In the spleen, transgene expression (green) is excluded from hematopoietic cells, indicated by CD45 immunoreactivity (red).
Gene therapy has promised much, but delivered little. A major obstacle to long-term gene transfer to treat genetic disorders is the immune response to foreign transgenes. Brown et al. eliminate transgene expression in antigen-presenting cells using endogenous microRNA (miRNA) to produce prolonged gene transfer, as reported in a recent article in Nature Medicine.

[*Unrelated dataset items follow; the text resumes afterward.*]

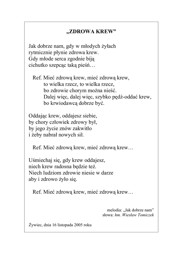 „ZDROWA KREW” Jak dobrze nam, gdy w młodych żyłach rytmicznie płynie zdrowa krew. Gdy młode serca zgodnie biją cichutko szepcąc taką pieśń… Ref. Mieć zdrową krew, mieć zdrową krew, to wielka rzecz, to wielka rzecz, bo zdrowie chorym można nieść. Dalej więc, dalej więc, szybko pędź-oddać krew, bo krwiodawcą dobrze być. Oddając krew, oddajesz siebie, by chory człowiek zdrowy był, by jego życie znów zakwitło i żeby nabrał nowych sił. Ref. Mieć zdrową krew, mieć zdrową krew… Uśmiechaj się, gdy krew oddajesz, niech krew radosna będzie też. Niech ludziom zdrowie niesie w darze aby i zdrowo żyło się. Ref. Mieć zdrową krew, mieć zdrową krew… melodia: „Jak dobrze nam” słowa: hm. Wiesław Tomiczek Żywiec, dnia 16 listopada 2005 roku
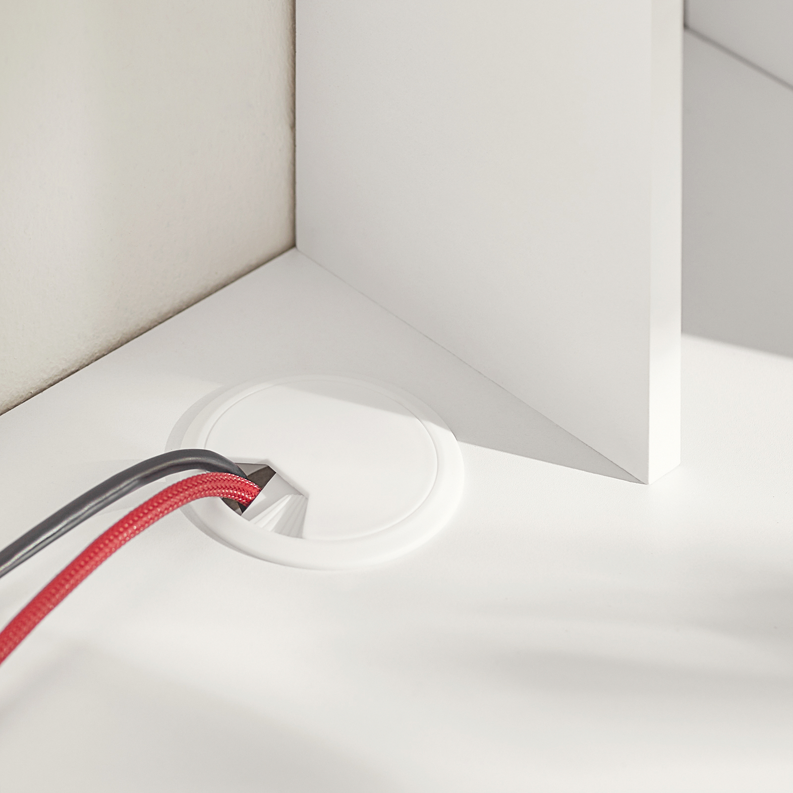 - Une passe cable fil plastique se trouve sur plateau pour traverser les fils électriques.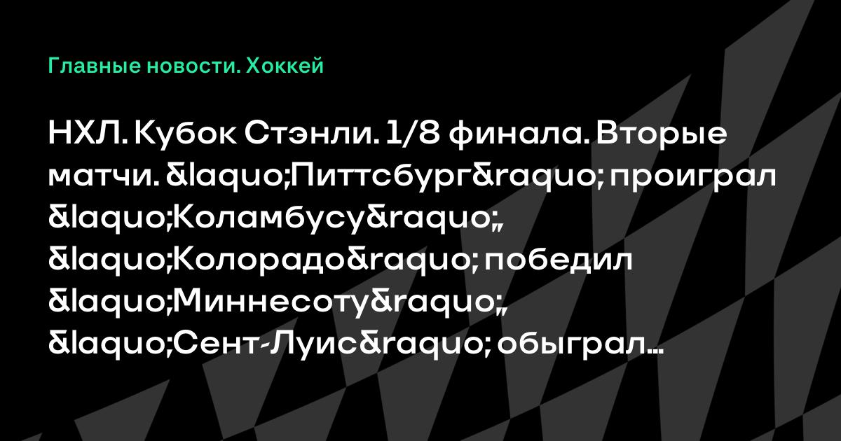 НХЛ. Кубок Стэнли. 1/8 финала. Вторые матчи. «Питтсбург» проиграл «Коламбусу», «Колорадо» победил «Миннесоту», «Сент-Луис» обыграл «Чикаго»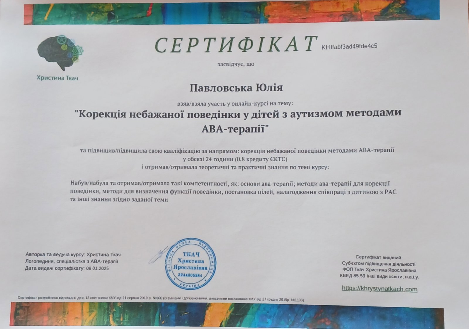 У 2025 році пройшла онлайн навчання "Корекція небажаної поведінки у дітей з аутизмом методами АВА-терапії" К. Ткач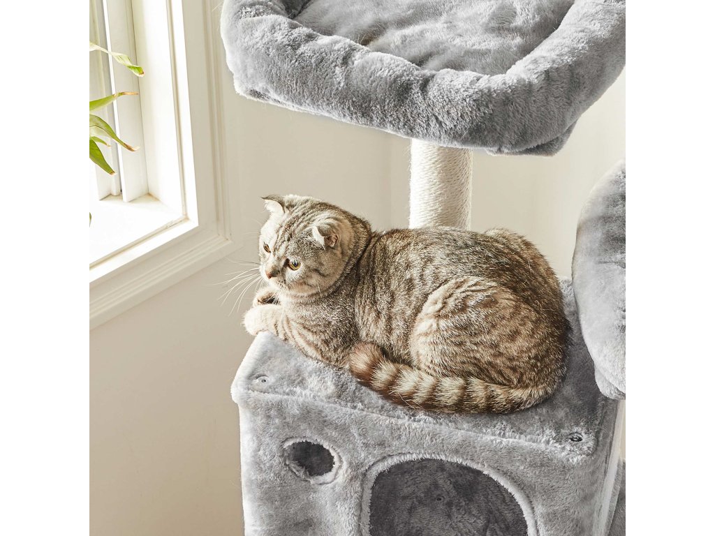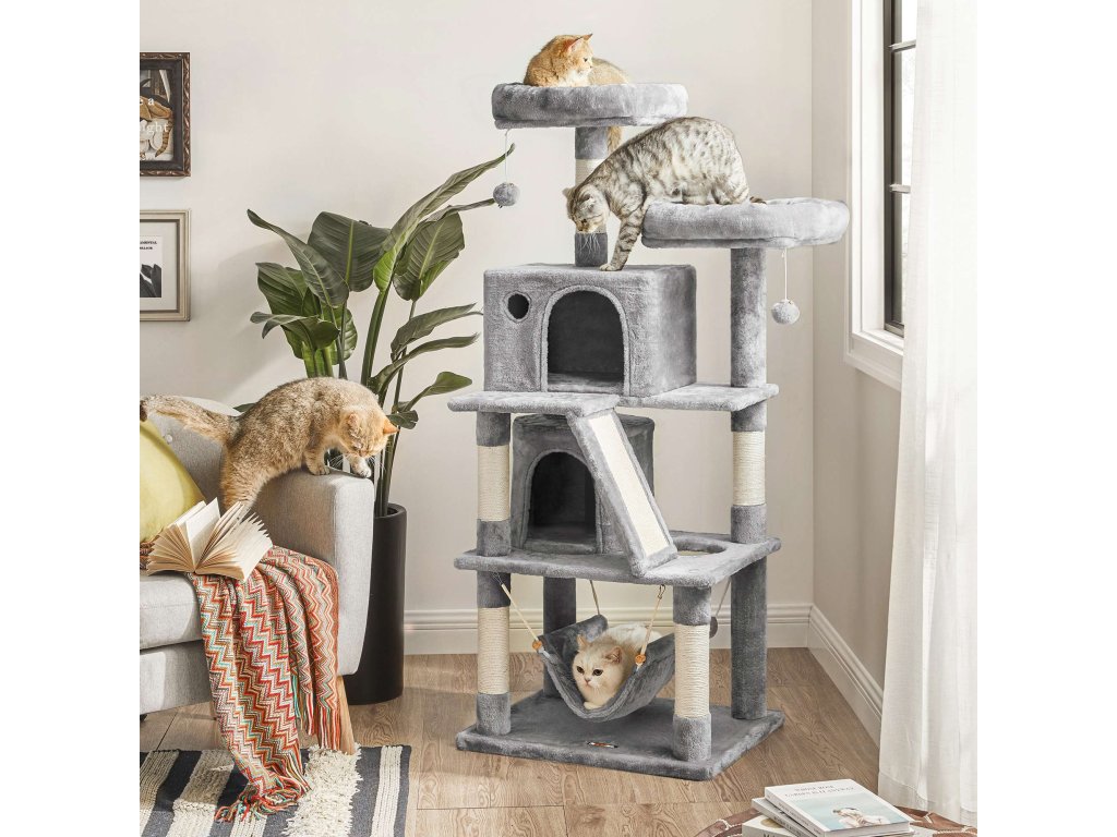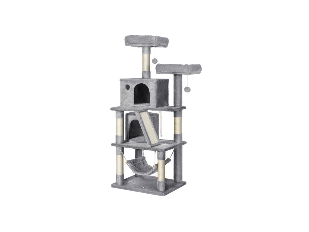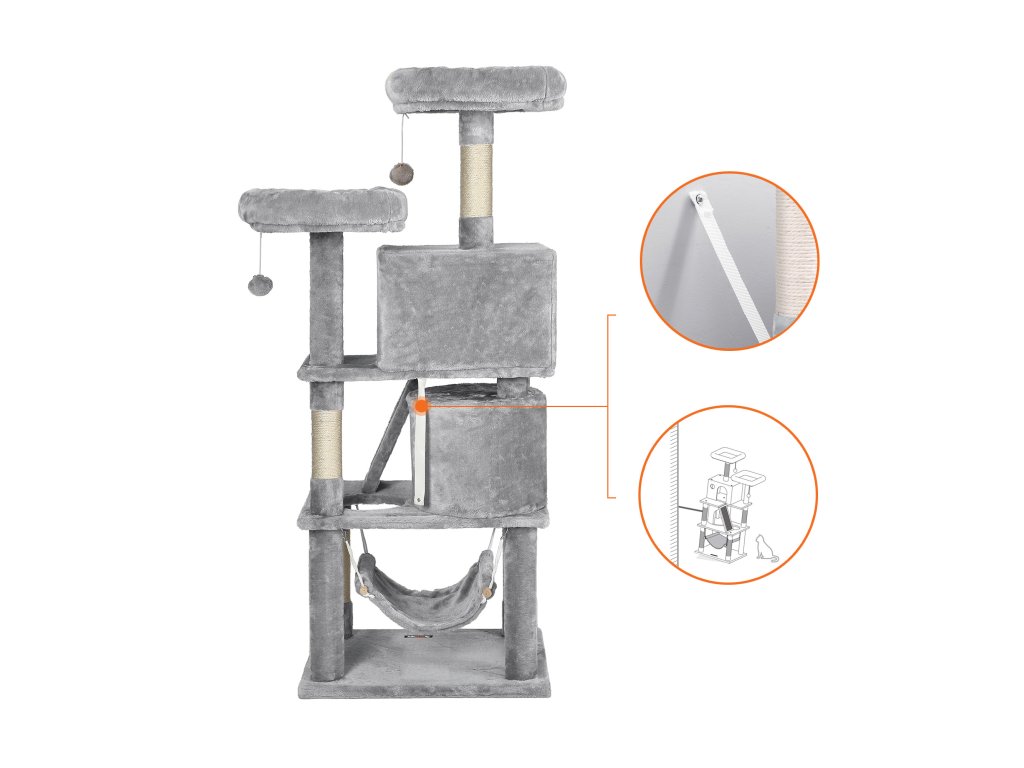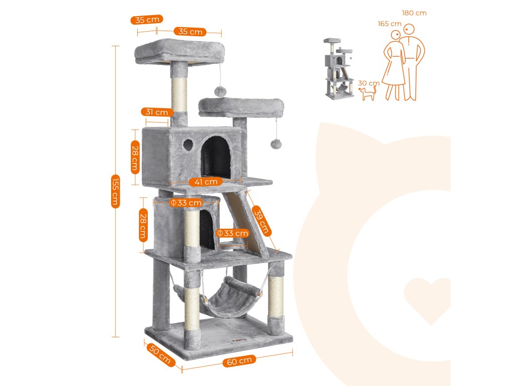 Strom pro kočky, kočičí domek se 2 jeskyněmi, 155 cm, světle šedá.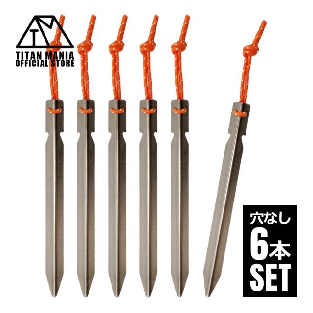TITAN MANIA チタンマニア ペグ チタン製 V字型 穴なし 16cm 6本セット チタンペグ テントペグ タープ 超軽量 強靭 頑丈 設営用具 ソロキャンプ アウトドア用品 キャンプ用品 収納袋付き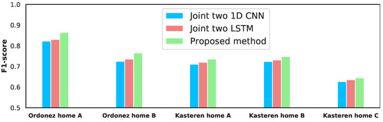 When compared with LSTM, 1D CNN, and the hybrid model, the use of our proposed model increases the F-scores by 4%, 6%, and 6% in Ordonez home A, and by 4%, 6%, and 10% in Ordonez home B respectively. Regarding to the infrequent activities Breakfast, Grooming, Lunch, showering, toileting, snack, Dinner, the proposed method improves F-scores by 4%, 8%, 3%, 7%, and 3% from Ordonez home A and by 4%, 1%, 2%, 2%, 11%, and 10% in Ordonez home B, respectively. This confirms the proposed model is capable of achieving better performance for the recognition of minority classes. When compared with LSTM, the proposed method improves F-scores by 4% from Ordonez home A, B, and Kasteren home A, as well as by 9% and 11% from Kasteren home B and C, respectively. When compared with 1D CNN, the proposed method improves F-scores by 5% from Ordonez home A, B, and by 11%, 15%, and 14% from Kasteren home A, B, and C, respectively. When compared with the hybrid model, the proposed method improves F-score by 6%, 10%, 5%, 12%, and 16% from Ordonez home A, B, and Kasteren home A, B, and C respectively.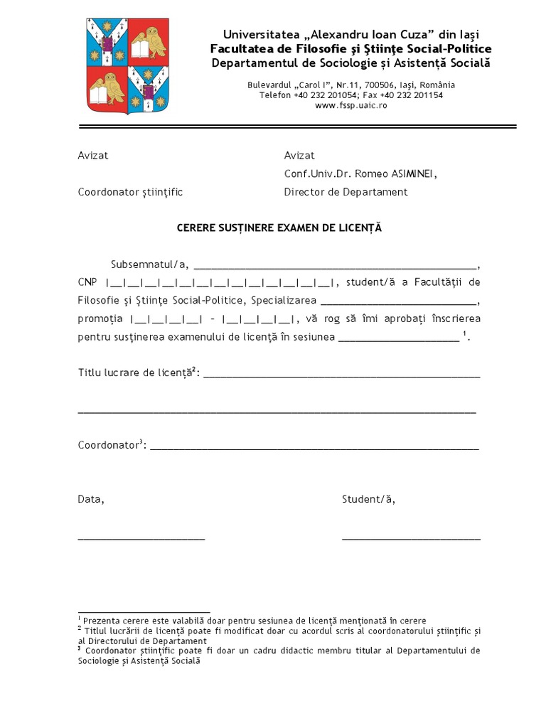 pentru susținerea examenului de licență în sesiunea _____________________ 1.

miRNA is transcribed from DNA and is digested into single strands of 21–25 nucleotides by endogenous RNases. Mature miRNA binds antisense target sequences in mRNA, commonly located in 3' untranslated regions. Once bound, the miRNA recruits an RNA-induced silencing complex that prevents translation and may also induce degradation of the mRNA.
Antigen-presenting cells, like most immune cells, are derived from hematopoietic stem cells. The authors inserted tandem repeats of sequences complementary to mir-142, an miRNA only expressed in hematopoietic cells, into the 3' untranslated region of lentiviral transgenes encoding green fluorescent protein (GFP). Hematopoietic cell lines, including U937 monocytes and human dendritic cells, containing the transgene showed reduced GFP expression relative to those containing transgenes lacking miRNA recognition sites or transgenes with recognition sites for other miRNAs. In contrast, a nonhematopoietic cell line showed similar GFP expression regardless of the GFP transgene used.
To investigate the mechanism of miRNA-induced reduction of transgene expression, the authors constructed a lentiviral transgene with a bidirectional promoter that drove expression of a reporter gene as well as the GFP transgene containing mir-142 recognition sites. U937 cells expressed the reporter gene, but did not express GFP, suggesting that mir-142 reduced transgene expression post-transcriptionally. The authors also found reduced expression of transgene transcripts that contained mir-142 recognition sites relative to those that did not using quantitative RT-PCR and northern blots. These data suggest that mir-142 degraded the mRNA of complementary transgenes.
The authors administered transgenes to adult immunocompetent mice by tail-vein injection. Mice administered transgenes lacking mir-142 recognition sequences expressed GFP in liver hepatocytes and in some hematopoietic cells of the spleen 5 days after transgene delivery. GFP expression was no longer detectable on day 14, suggesting that the immune system cleared transgene expression. In contrast, mice administered the GFP transgenes containing mir-142 recognition sequences showed GFP expression in the liver for at least 120 days. In these mice, GFP expression in the liver did not overlap with the hematopoietic markers CD8 and F4/80, which are expressed in T-cells and monocytic Kupffer cells, respectively. The authors observed GFP expression in fibroblasts, but not hematopoietic cells, in the spleen.
Therefore, the use of miRNA to limit immune response to transgenes shows great potential to improve gene therapy. This is surprising considering that the endogenous targets for many miRNAs, including mir-142, are unknown.